Sunday, October 16, 2016


The fall colors are at a peak again here and as usual reaffirm how good it is to live in Vermont. The mountaintops turn orange first, and the colors slowly flow downward to sea level until everything has turned brown. You can extend the experience by hiking at higher elevations when the change begins. Frost has finally struck the garden, ending the growing season. This winter will probably be snowier than last. I am at a lull between books and have a couple of new ones on hand for whenever I resume. At this point I'm a little overdosed on French writers and will be returning to Hungary, England and elsewhere. American fiction remains too painful for me to read.

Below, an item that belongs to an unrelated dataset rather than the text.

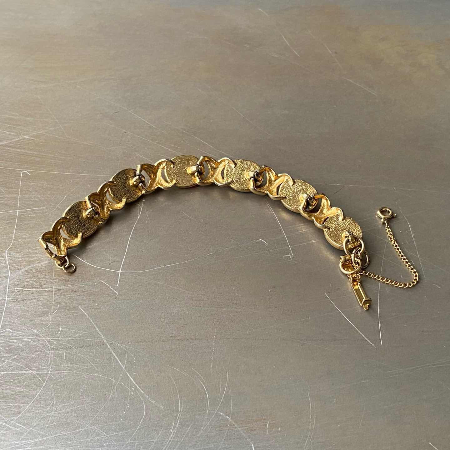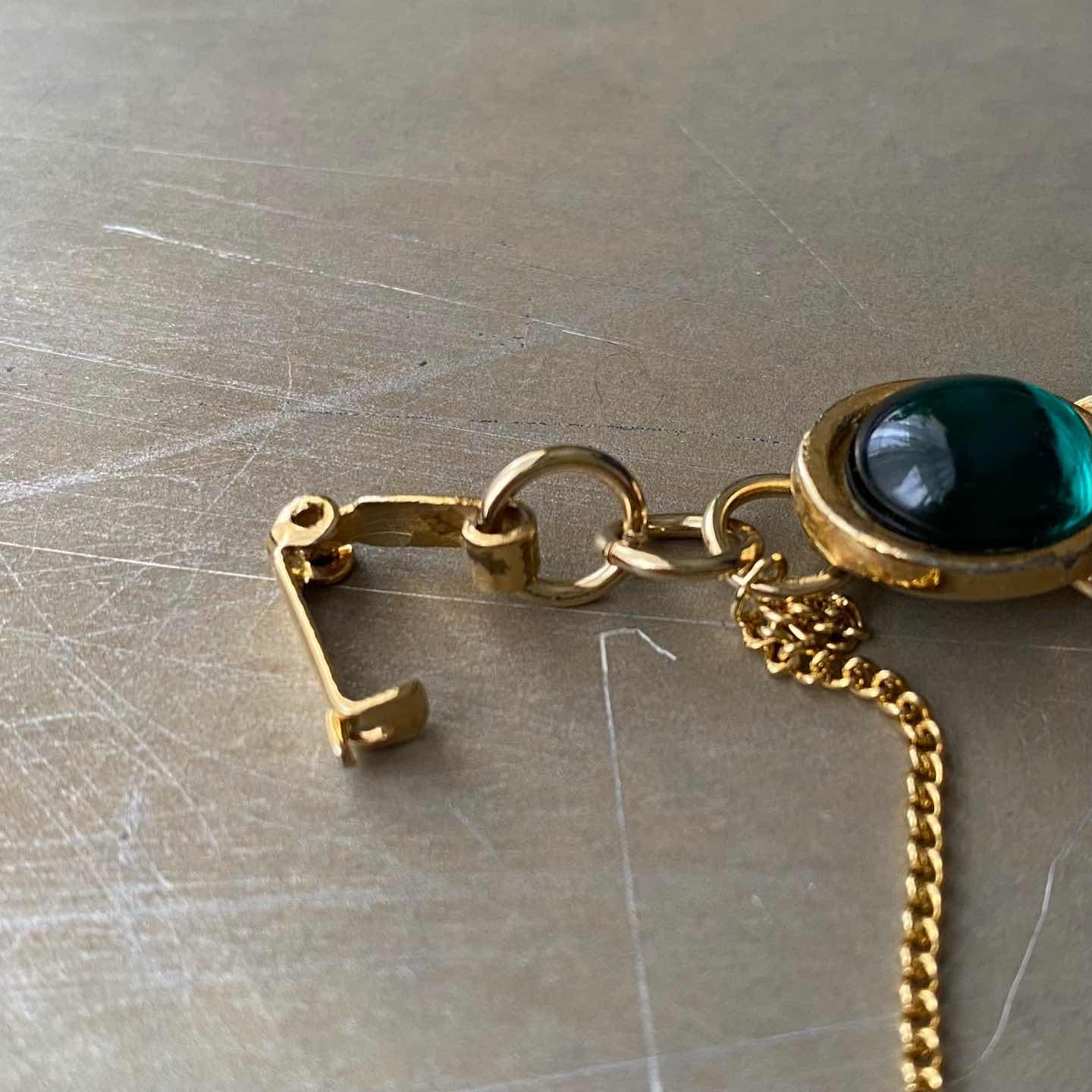 クラシカルな雰囲気のUSAヴィンテージブレスレット。カラフルなビジューが輝く華やかなデザイン。揺らめくセーフティーチェーンもお洒落なポイント。重厚感のあるしっかりとした作りで大人の古着スタイルにもおすすめです。 □Materials メタル(ゴールドメッキ)、イミテーションストーン (※マルカン、引き輪は新品のものに交換しています) □Size 全長 約16.5㎝ 幅 約1.3㎝ セーフティーチェーン 約7㎝ 31g □Condition【C】 画像の通り経年によるメタルの変色や剥がれ、凹み傷、ビジューに多少のスレがみられます。古びた雰囲気がお好きな方におすすめです。中古品であることをご理解のうえお買い求めください。ご購入前に必ずショッピングガイドのご確認をお願いいたします。 【S】未使用 【A】未使用に近い 【B】やや使用感あり 【C】使用感あり Item No.3576

William became an outdoor/indoor cat last month and is much happier as a result. At first he went on a spree catching goldfinches, moles, voles and chipmunks, but he has since calmed down and hasn't deposited many dead animals by the door recently. He had one serious fight with a feral cat, in which he could have lost an eye, but he has recovered except for missing patches of fur that have yet to grow back. He loves following us around the yard during the day. Because there are dangerous predators out there, we bring him in at night.

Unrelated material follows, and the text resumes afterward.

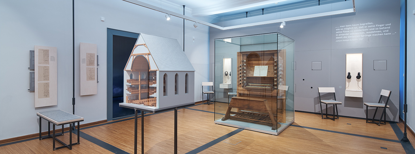 Die Präsentation beleuchtet Bachs familiäre Wurzeln in Arnstadt, sein Wirken an der Neuen Kirche sowie das religiöse Leben um 1700. Ein besonderes Highlight ist der originale Orgelspieltisch der Wenderorgel von 1703. Besucherinnen und Besucher können zudem frühe musikalische Werke aus Bachs Arnstädter Zeit hören. Ein eigener Raum widmet sich der Choralkomposition „Nun komm, der Heiden Heiland“ BWV 659 und ermöglicht durch visuell unterstützte Hörbeispiele ein tiefes Eintauchen in das zeittypische Verständnis des Lutherchorals.

I don't particularly like to comment on current events, but thought I should say something about Donald Trump. His political ascent is one of the most bizarre events in American political history for a number of reasons. If you analyze it purely on a political level it is a predictable development in the sense that the Republican Party has gradually wandered into a remote ideological region and has left its door open to fringe candidates who have nothing coherent to offer. To me it is a sign that the party lacks a central idea. The more disturbing aspect of it is that there are people who actually vote for someone like Trump, whose shortcomings are obvious. He is one of the most overtly elitist candidates ever, yet he has managed to make himself appealing to the common man. Any critical analysis of him immediately reveals that he has no qualifications for the job: he clearly does not understand politics, government, economics, science or world affairs, and he has unusually low ethical standards at a time when they are more essential than ever for most political candidates. Trump is a blatant example of the pitfalls of the American democratic process. Voters need training in how to make rational voting decisions or else have their right to vote rescinded. Fortunately, it appears that Trump will lose by a landslide to Hillary Clinton, who, though by no means an ideal candidate, is a reliable person with an appropriate background.

The other news event, which seems to be exciting literary people, is the awarding of the Nobel Prize in Literature to Bob Dylan. I have been avoiding reading people's reactions, because I don't care what they think. Nothing has changed in how I see Dylan, and this event is really about the Nobel Committee. The Swedes would have been wise to stay away from aesthetic judgments, because that is not one of their fortes, if they have any. As I've said, Dylan's talent emerged in the 1960's, but has been followed by a barren half-century. Like Richard Feynman, a fellow Ashkenazim, he started with an extraordinary talent. In his case he was able to assimilate vast amounts of music and oral tradition during a time of social upheaval to produce a unique synthesis – all without quite understanding what he was doing. Dylan was never disciplined enough to meet my definition of a great artist; he was a raw talent that fizzled. Since both Dylan and Feynman took up painting as a hobby, you can compare their works and use that as a neutral basis to decide which of them is the better artist. In my judgment, Feynman is the better artist, and that may be because he was more disciplined and a clearer thinker than Dylan. On close examination everything that Dylan ever had to say was derivative of what other people had said, thus he remains an enigma rather than an exemplar of artistic expression.